So I was out running errands today. And as I got into the car, the radio was on and the unmistakable harmonies of Aaron Copland's music were issuing forth. It took me a moment to place it... it was his "A Lincoln Portrait." As I pulled into a parking space at the post office, the narration began. And as I listened, I remembered anew the story of my country as recounted to me throughout all of my school years. I was fortunate that in the schools I attended, that story was told "warts and all." And still I grew into someone who admired and loved this nation despite its flaws; a love rooted in the promise that it held, and the strength and character of those who worked towards fulfillment of that promise. And the words of Lincoln rang out, carried on chords that could have come from Gabriel's own horn:
"Fellow citizens, we cannot escape history." That is
what he said. That is what Abraham Lincoln said.
"Fellow citizens, we cannot escape history. We of this
congress and this administration will be remembered in
spite of ourselves. No personal significance or
insignificance can spare one or another of us. The
fiery trial through which we pass will light us down
in honor or dishonor to the latest generation.
We, even we here, hold the power and bear the responsibility."
He was born in Kentucky, raised in Indiana, and lived
in Illinois.
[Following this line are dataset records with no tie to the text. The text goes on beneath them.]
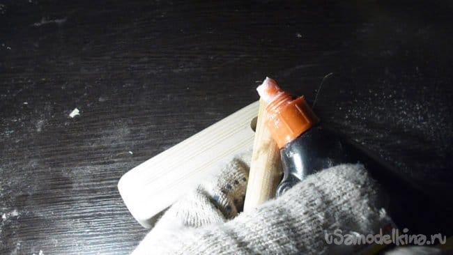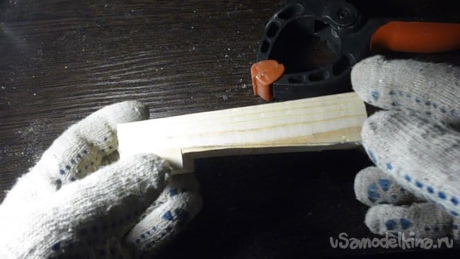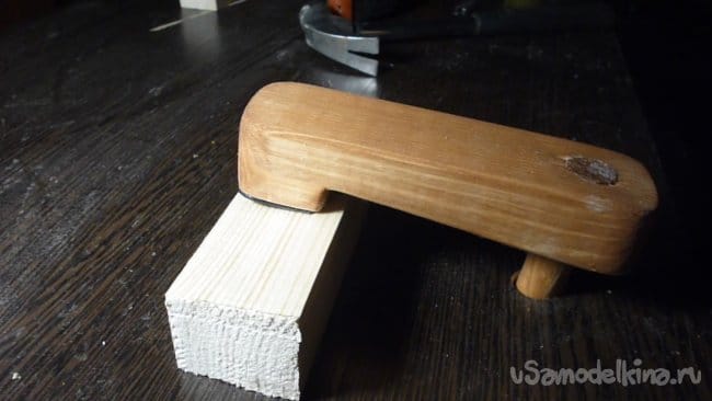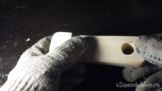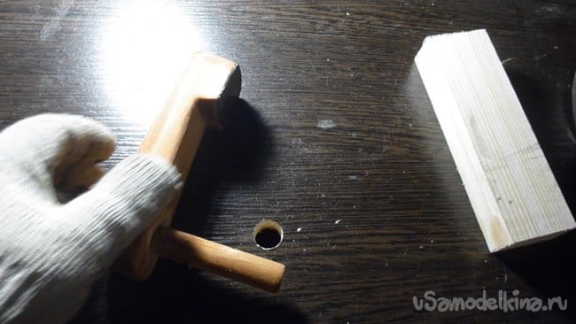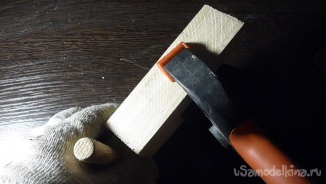 - Наносим столярный клей на круглый брусок, вставляем обработанную клеем часть круглого бруска в отверстие прямоугольного, даем высохнуть клею.
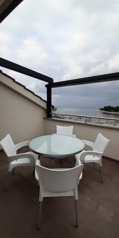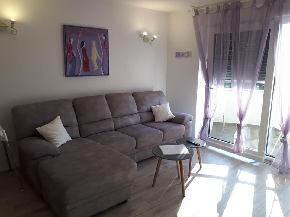 Nowy, nowoczesny i gustownie urządzony apartament z dwiema sypialniami, w każdym z klimatyzacją, z widokiem na morze, 20 m od plaży (po drugiej stronie ulicy).
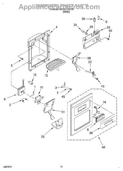 Parts for Whirlpool 3XART722F00: 09 - Dispenser Front Parts
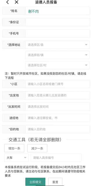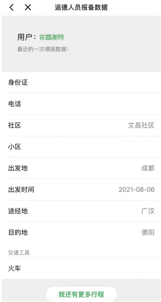 填报完成后,该报备数据会在社区管理员管理名单中出现,社区管理员将会与您联系,请您遵守相关防疫规定。
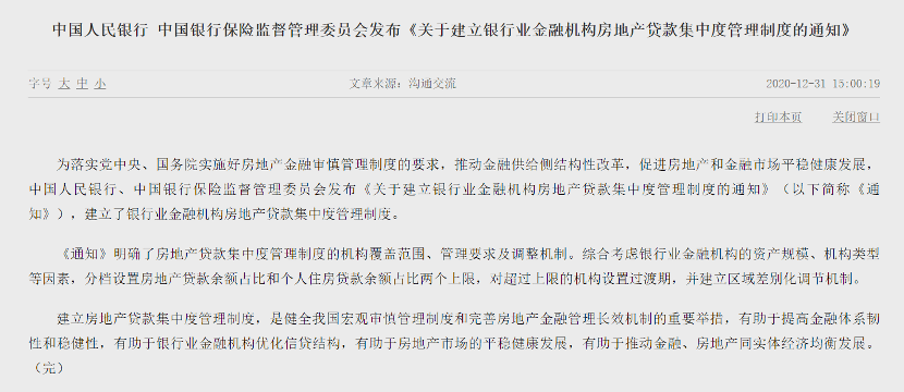 2020年12月31日,央行和银保监会发布了一则关于建立银行业金融机构房地产贷款集中度管理制度的通知。
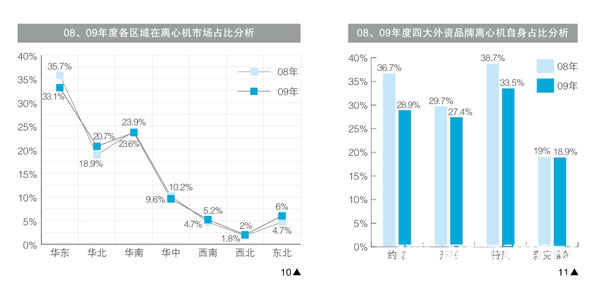 據統計,2009年度中,在“龍之夢”等項目的帶動下,東北市場成為離心機市場中的異類,繼續保持了一定幅度的增長,而華東、華北、華南、華中、西北、西南六大區域離心機市場規模分別出現了不同程度的下滑,其中經濟**為發達、市場整體規模**大華東地區自身規模下滑**大,同時,大部分地區離心機市場在區域整體市場中的占比(圖8),以及離心機在區域冷水機組市場中的占比也都出現下滑(圖9),也再次說明了離心機市場整體下滑**直接的原因來自市場外部經濟環境的影響。然而,各區域自身規模的變化并沒有給其在離心機市場占比帶來明顯的影響,華東、華南、華北三大市場依然是離心機市場的主角,占比均超過了20%,其他幾大區域依然維持在10%之下(圖10)。這也印證了離心機市場的發展規律與區域經濟發展狀況的密不可分。在這樣的情況下,相信離心機市場的區域分布格局也將比較穩定。
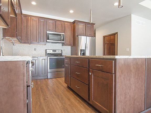Another quality build by Mellinger and Sons, this 3 bedroom, 3 bath zero lot features maple kitchen cabinets, large island, quartz countertops, under cabinet lighting & SS appliances. The open floor plan provides a spacious living room w/tray ceiling & dining room leading to 14x14 covered patio w/privacy wall. Master bath features double sinks, w-in closet leading to ML laundry w/sink and storage. 873 SF finished in the LL includes a family room w/ wet bar, bedroom, full bath, storage room & storm shelter.
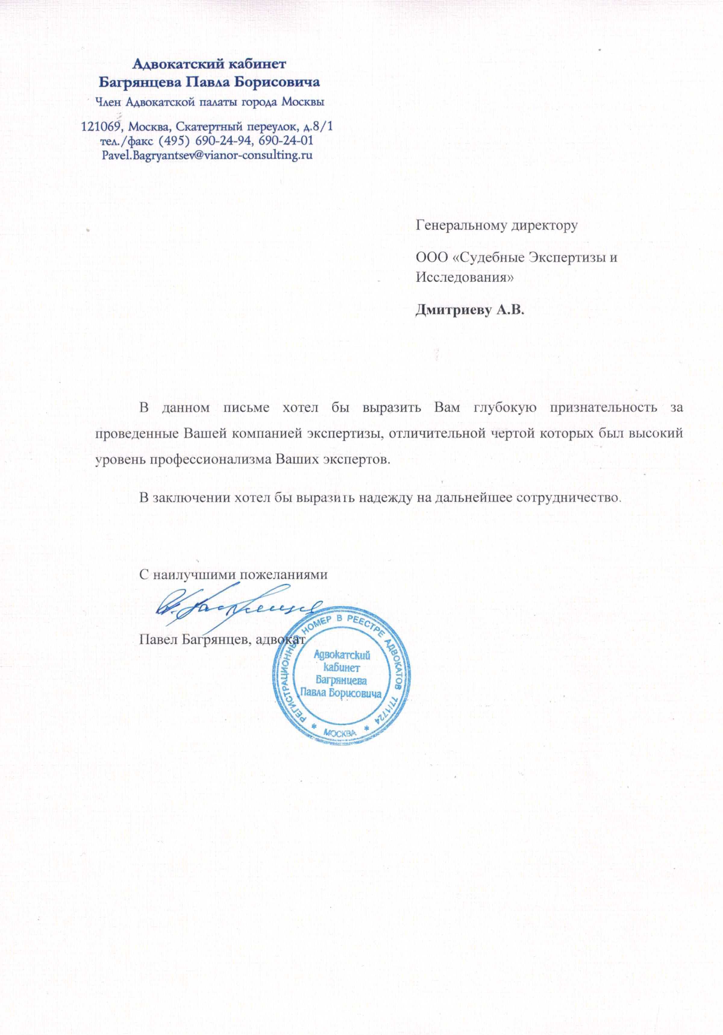 С наилучшими пожеланиями, Павел Багрянцев, адвокат.
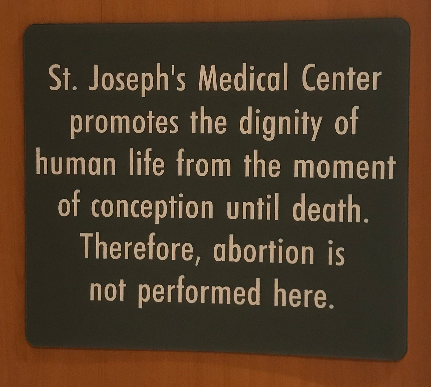 An Abortion, Every Day reader sent me the picture below: It’s a sign that’s prominently displayed as you enter the Labor and Delivery Unit at Dignity Health’s St. Joseph's Medical Center in Stockton, California.

And this is what he said. This is what Abe
Lincoln said: "The dogmas of the quiet past are inadequate
to the stormy present. The occasion is piled high with difficulty
and we must rise with the occasion. As our case is new,
so we must think anew and act anew. We must disenthrall
ourselves and then we shall save our country."
When standing erect he was six feet four inches tall,
and this is what he said. He said: "It is the eternal struggle
between two principles, right and wrong, throughout the world.
It is the same spirit that says 'you toil and work and earn bread,
and I'll eat it.' No matter in what shape it comes,
whether from the mouth of a king who seeks
to bestride the people of his own nation,
and live by the fruit of their labor,
or from one race of men as an apology for enslaving
another race, it is the same tyrannical principle."
Lincoln was a quiet man. Abe Lincoln was a quiet and a
melancholy man. But when he spoke of democracy, this is what he said.
He said: "As I would not be a slave, so I would not be a master.
This expresses my idea of democracy.
Whatever differs from this, to the extent of the difference, is no democracy."
Abraham Lincoln, sixteenth president of these United States,
is everlasting in the memory of his countrymen.
For on the battleground at Gettysburg, this is what he said.
He said: "That from these honored dead we take
increased devotion to that cause for which
they gave the last full measure of devotion.
That we here highly resolve that these dead shall not have died in vain.
That this nation under God shall have a new birth of freedom
and that government of the people, by the people, and for the people
shall not perish from the earth."
I sat and listened. And I thought of that story from long ago. And of where we are, and what we are becoming. And I choked back tears.